C’est sur le fondement de la salubrité publique, et notamment sur les risques graves pour la santé humaine engendrés par le projet, que les associations demandent l’annulation des arrêtés des 29 mars et 30 août 2019.

Par un considérant identique aux deux projets, le juge considère que :

« ce lieu d’implantation est marqué, dans sa configuration actuelle, par un niveau élevé de pollution de l’air, au-delà des valeurs limites fixées par le code de l’environnement et les recommandations de l’Organisation mondiale de la santé pour la concentration de dioxyde d’azote (NO2) et de particules fines (PM10), qui s’élèvent à 40 microgrammes par mètre cube d’air, avec un dépassement général de ces valeurs sur les points de mesure retenus pour la concentration de dioxyde d’azote et un dépassement localisé pour les particules fines ».
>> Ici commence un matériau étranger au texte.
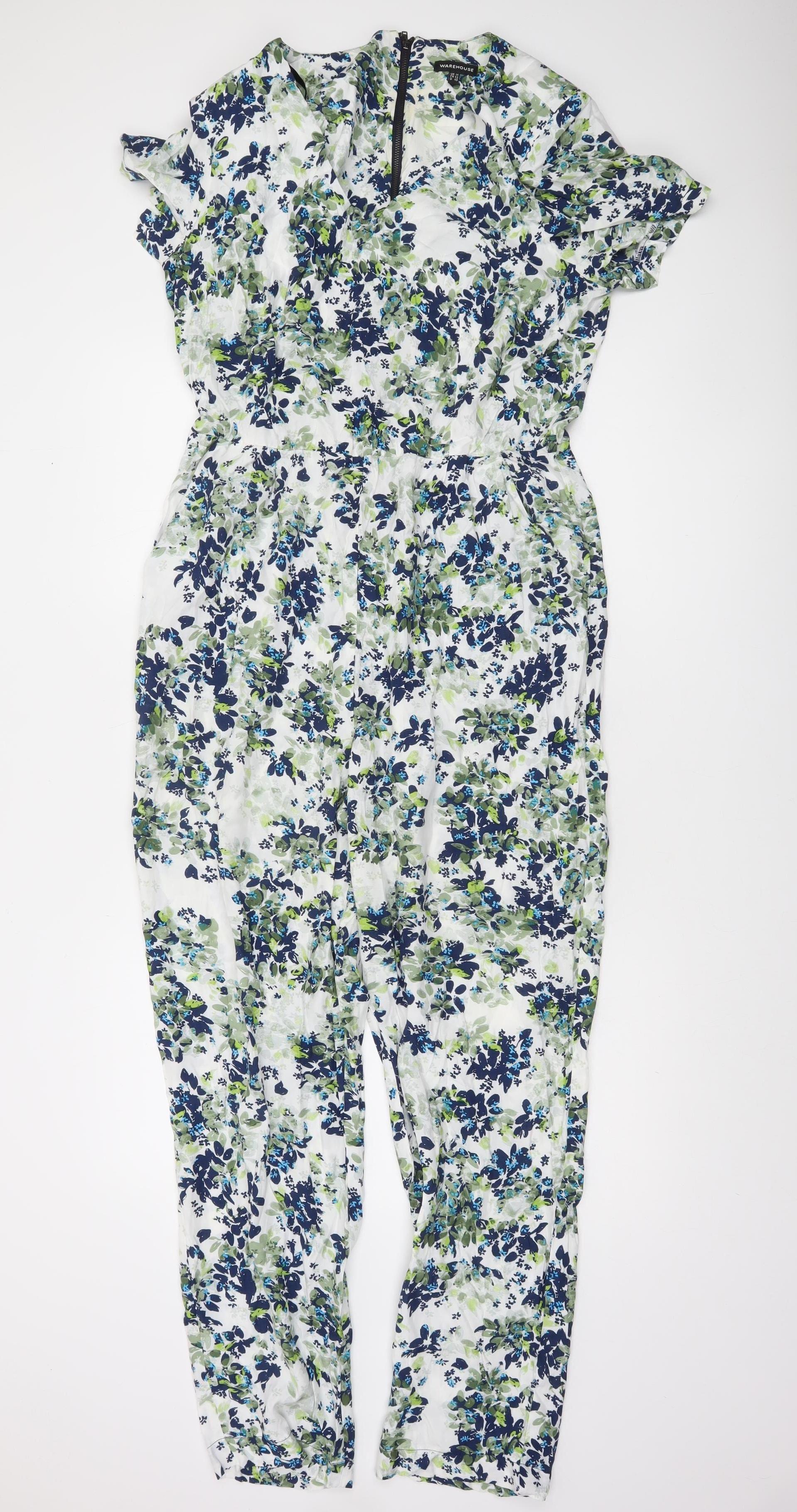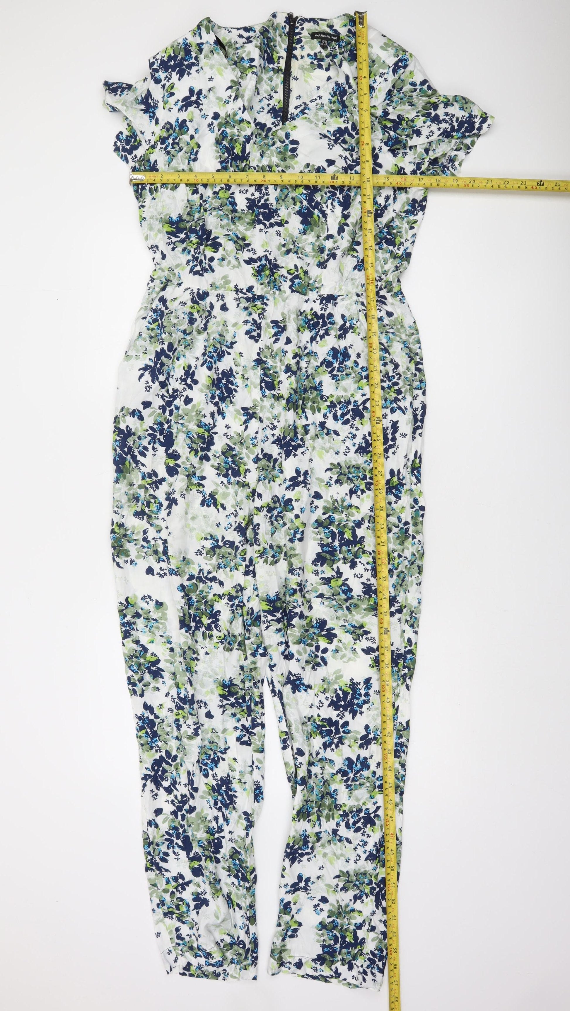 Women’s Blue Floral Short Sleeve Jumpsuit Size 14 Viscose

Puis, il relève que si la réalisation du projet n’a pas pour effet d’augmenter la pollution de l’air ambiant sur le terrain d’assiette, il ressort des pièces du dossier et notamment de l’étude d’impact qu’une augmentation significative de la pollution est attendue aux alentours du projet et concernera des populations fragiles. Le juge évoque notamment la présence d’une maison de retraite et d’une future crèche.
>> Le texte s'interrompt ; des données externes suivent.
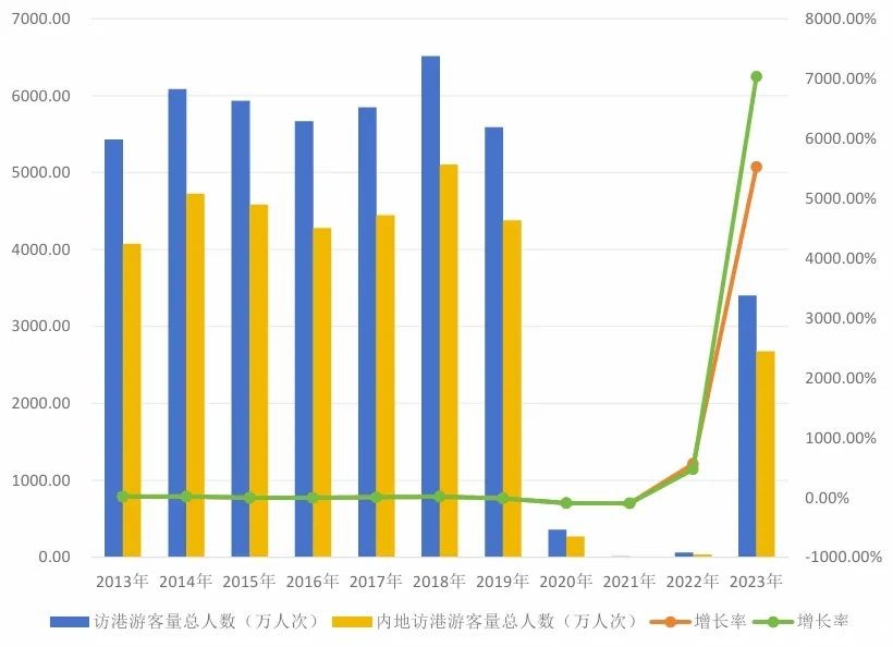 图1 内地访港游客数量、占比及增长率 (2013-2023)

Cette atteinte à la salubrité publique identifiée, le juge se prononce ensuite sur les prescriptions spéciales imposées par la maire de Paris et sur les mesures envisagées directement par les pétitionnaires, pour apprécier si elles sont de nature à compenser l’atteinte à la santé humaine.

Concernant le projet que porte la SCCV « Mille arbres », le juge considère les prescriptions spéciales imposées par la maire de Paris au pétitionnaire insuffisantes, notamment en ce que l’autorité compétente pour délivrer une autorisation d’urbanisme ne peut se contenter, lorsque le projet porte atteinte à la salubrité publique, de prescriptions « qui revêtent un caractère général et dont la réalisation est incertaine et hypothétique ». Le juge rejette également les mesures définies par le pétitionnaire. En effet, bien que ce dernier ait « produit plusieurs études, réalisées entre novembre 2019 et juin 2021, faisant état de solutions de dépollution testées en laboratoire et par des bureaux d’études, destinées à s’assurer du respect de la prescription relative à l’absence de dépassement des valeurs-limites règlementaires, il est constant que ces différentes études n’ont été soumises ni au public, dans le cadre de l’enquête publique, ni aux services de la ville de Paris dans le cadre de l’instruction du permis de construire ».

Concernant le projet porté par « Ville multi-strates » le juge relève, après avoir également considéré insuffisantes les mesures portées par le pétitionnaire, qu’en raison des caractéristiques mêmes du projet, « la maire de Paris ne pouvait assortir le projet de prescriptions spéciales satisfaisantes sans y apporter des modifications substantielles ».

Enfin, par application des articles L.600-5 et L.600-5-1 du code de l’urbanisme, le tribunal administratif juge que « L’illégalité dont le permis de construire est entaché n’apparaît pas susceptible d’être régularisée sans changer la nature même du projet ».

Compte tenu de cette impossibilité de régularisation, le juge prononce l’annulation des arrêtés ayant délivré les autorisations d’urbanisme ainsi que les décisions implicites de rejet nées du silence gardé pendant plus de deux mois par la maire de Paris.